Tunisia’s media authority on Wednesday ordered the closure of Nessma TV channel founded by defeated presidential candidate Nabil Karoui.

The authority, known as HAICA, seized the channel’s broadcast equipment and said in a statement that Nessma TV was broadcasting without a licence.

“Despite multiple letters and meetings, the channel continued its activities illegally,” the media authority said.

In July Karoui’s former opponent, President Kais Saied, sacked the prime minister, suspended parliament and granted himself judicial powers after months of political stalemate.

He followed that move last month with measures that effectively allow him to rule by decree, in what opponent’s called his “coup.”

HAICA also attributed the channel’s closure to “suspicions of financial and administrative corruption”, adding that the channel’s ownership by a political party leader “influenced the content of its programmes”.

HAICA had previously seized the channel’s equipment in April 2019 for the same reasons.

The channel is partly owned by former Italian prime minister Silvio Berlusconi.

Karoui—runner-up in the 2019 presidential election which Saied won—had been arrested alongside his brother in Algeria since late August on charges of “entering the country illegally”.

The two were reportedly released on Tuesday upon a request from their lawyers, according to Algerian and Tunisian media.

Karoui, the leader of the Qalb Tounes (Liberal) party, has been under investigation in his home country since 2017 in a money laundering and tax evasion case.

He was arrested in 2019 and spent more than a month in prison during his election campaign, before another six months of preventive detention that ended in June this year.

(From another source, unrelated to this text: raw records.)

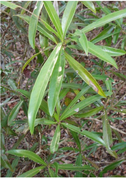
Macphersonia gracilis - shrub
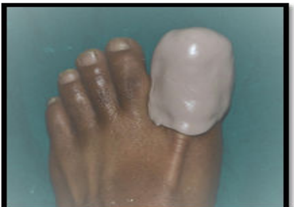
Figure 4: Putty and light body impression made of hallux of left foot.
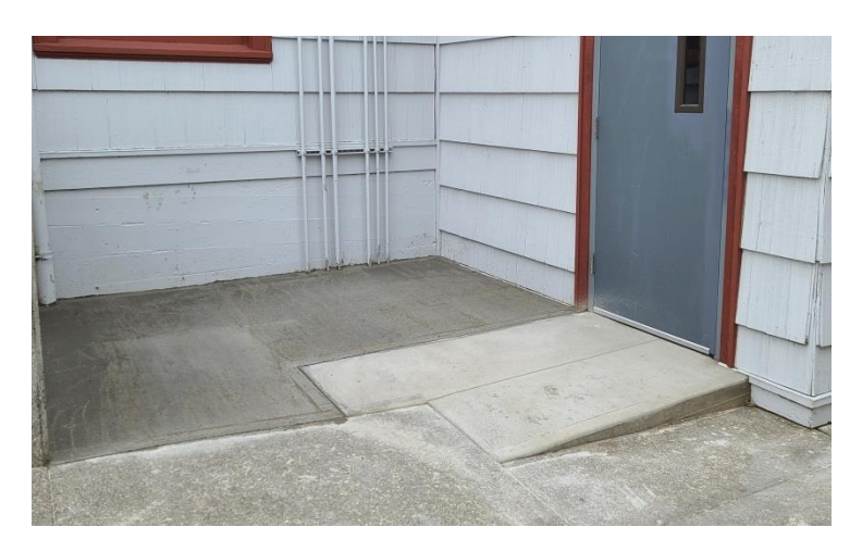
Wheelchair Landing at TMS Gym

Wheelchair landing at the new emergency door is poured and cured; this update will make our gym a safer place for our kids and the community.
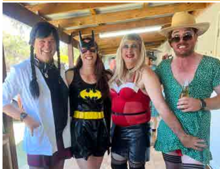
Club members committed to the cause
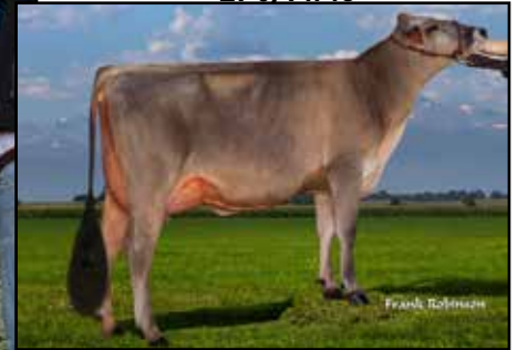
ROUND HILL TALANT WISPER ET EX91/91MS
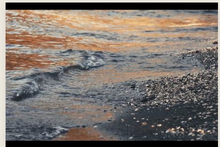
Stills from The Next Chapter.
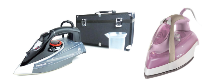
Figure 9. Philips irons. The one on the left is described in terms of performance, and the one on the right in terms of utility.

The research approach is inspired by Research through Design (RtD) (Frayling, 1993). RtD generates knowledge by designing innovative artefacts, models, prototypes, products, concepts, etc., and evaluates them by conducting various experiments (tests, perception experiments, etc.). It approaches the world of (research) objects primarily from the perspective of 'designability' (and changeability), and thus arrives at new ideas.
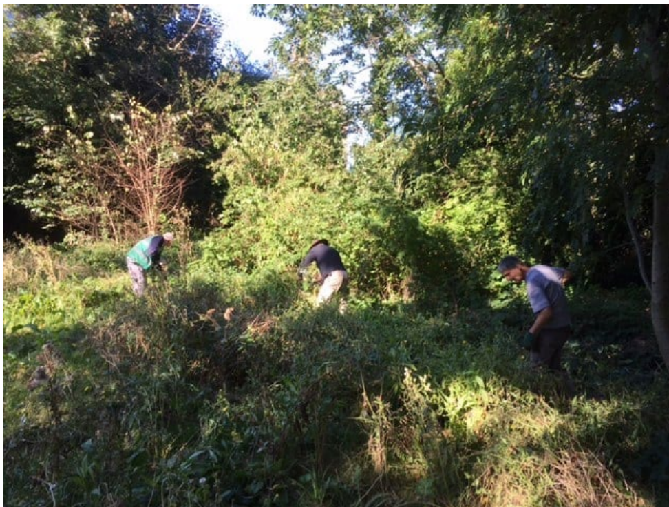
Tackling the overgrowth!

Our thanks to members/volunteers who did sterling work in the meadow in Horse Close Wood recently. Armed with shears, secateurs, forks and a scythe they cut and strimmed parts of the glade as the bramble 'invasion' was becoming a little overwhelming! They collected two crane bags of brambles and tree branches which were moved to the log area to deter anti social gatherings in the wood at night. The work has now been completed – lets see what grows there next year!
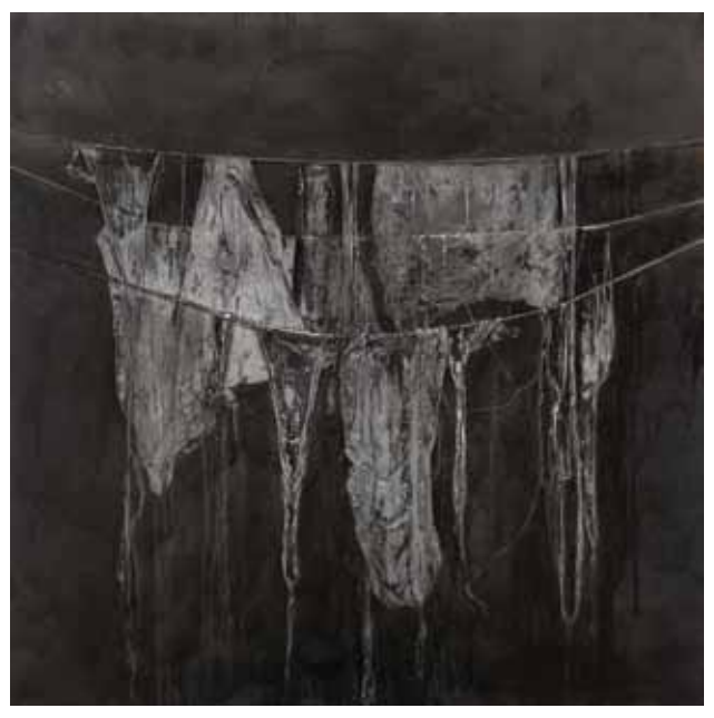
Untitled, Laundry Series, 2011, Mixed Media on Canvas, 100x100cm -Courtesy of Ayyam Gallery.

Although he began this body of work from three simple lines, the abstract expressionist painting style that he was known for prior to embarking on the "Laundry Series" quickly emerged. With its vigorous markings and what he describes as "the cycle of construction and dismantling," resurfaced the appearance of Sweida-like details. A 2008 painting in which thin lines of rope are strewn horizontally across the canvas demonstrates this as the composition is separated into distinct areas, adding dimension to an otherwise flat surface. In this work there are several components. First is the original canvas, which Azzam has painted with varying brushstrokes. The upper portion of the composition is covered in a near-solid area of white with the
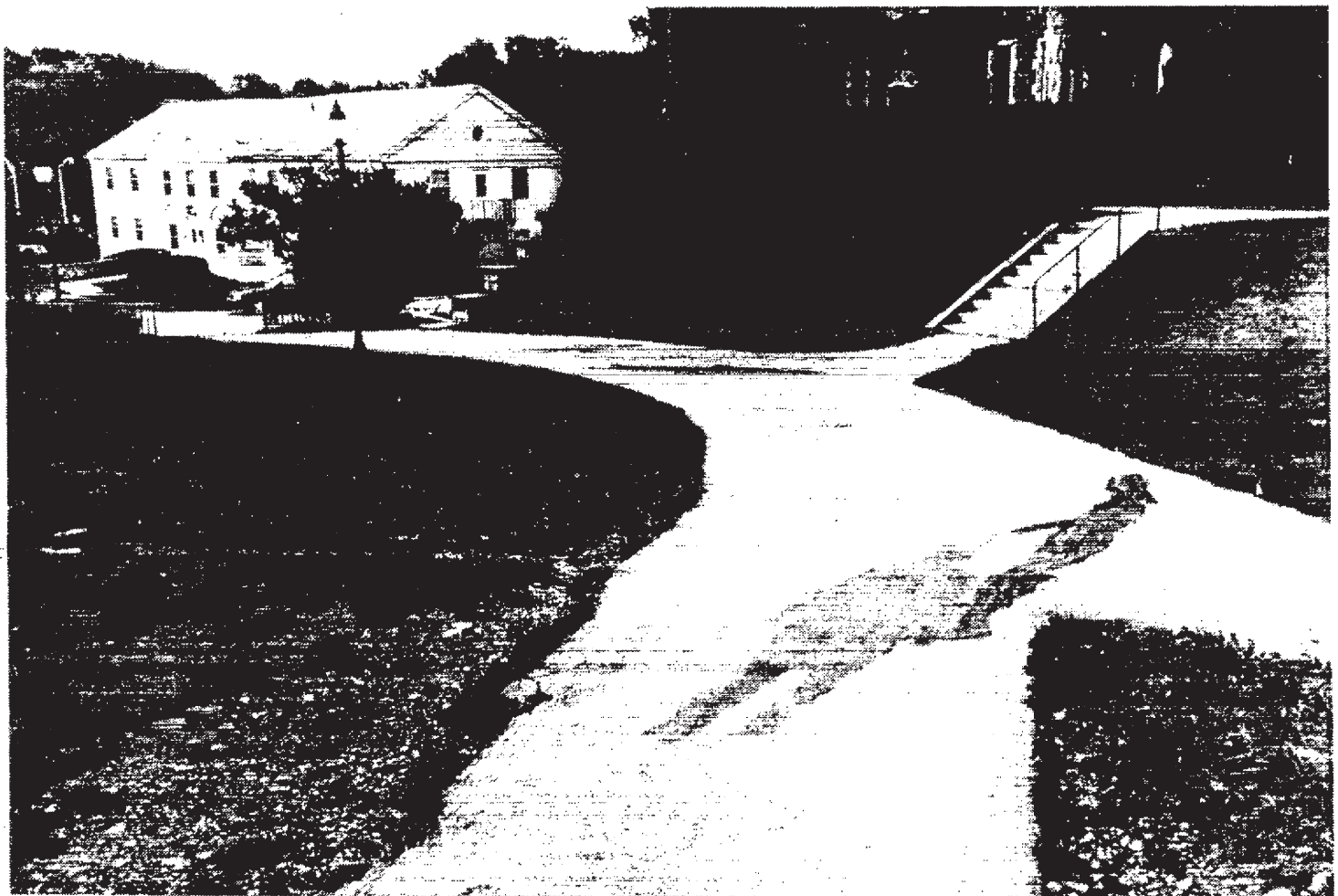
Bard campus, shadowed by Operation Art (story on page 4).

Notebook, page 2 Security, page 2 Dezego Interview, page 5
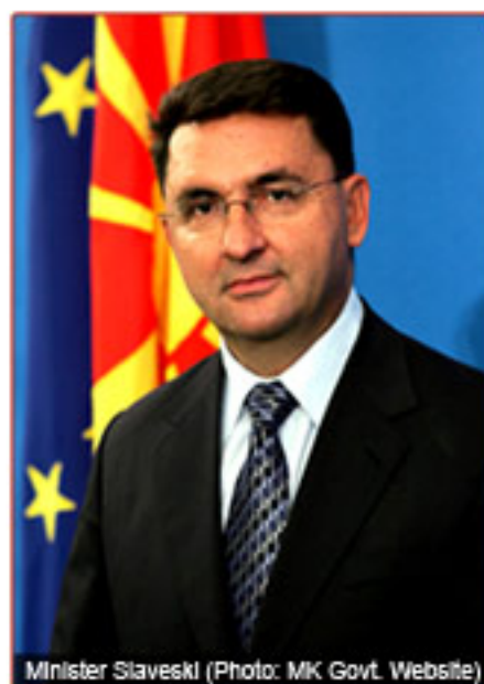
Minister Slaveski

WASHINGTON, D.C.—On Thursday, April 12, 2007, members of the United Macedonian Diaspora met with Macedonian Finance Minister Dr. Trajko Slaveski to discuss the economic situation in the Republic of Macedonia, including ways by which diaspora Macedonians can assist the economic development of Macedonia. The meeting was held at the Embassy of the Republic of Macedonia.
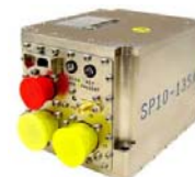
SP 10-135A Encryption Package

“The technology we’ve developed provides a vital capability to the telemetry systems being deployed.”
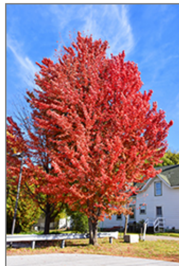
Celebration Maple in fall
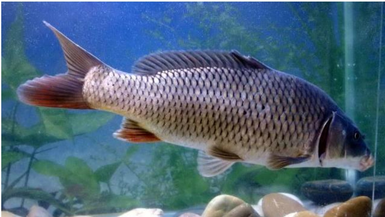
Photo: Chinese Academy of Fishery Sciences. Licensed under CC BY-NC 3.0. Available: https://www.fishbase.de/photos/PicturesSummary.php?ID=59920&what=species . (September 2018).

U.S. Fish and Wildlife Service, September 2011 Revised, September 2019 Web Version, 1/7/2020

The business mogul allied himself during the election campaign with the Islamist-inspired Ennahdha party, Saied’s nemesis, although Karoui opposed Islamist policies and campaigned against poverty.

Following Saied’s July 25 power grab, local media spoke of Karoui’s “flight” abroad.

In early October, Tunisian authorities seized broadcasting equipment used by another channel, Zitouna TV, which HAICA also said had been operating illegally.

Zitouna TV is considered close to Ennahdha and its ally Al-Karama, both of which oppose Saied’s power grab.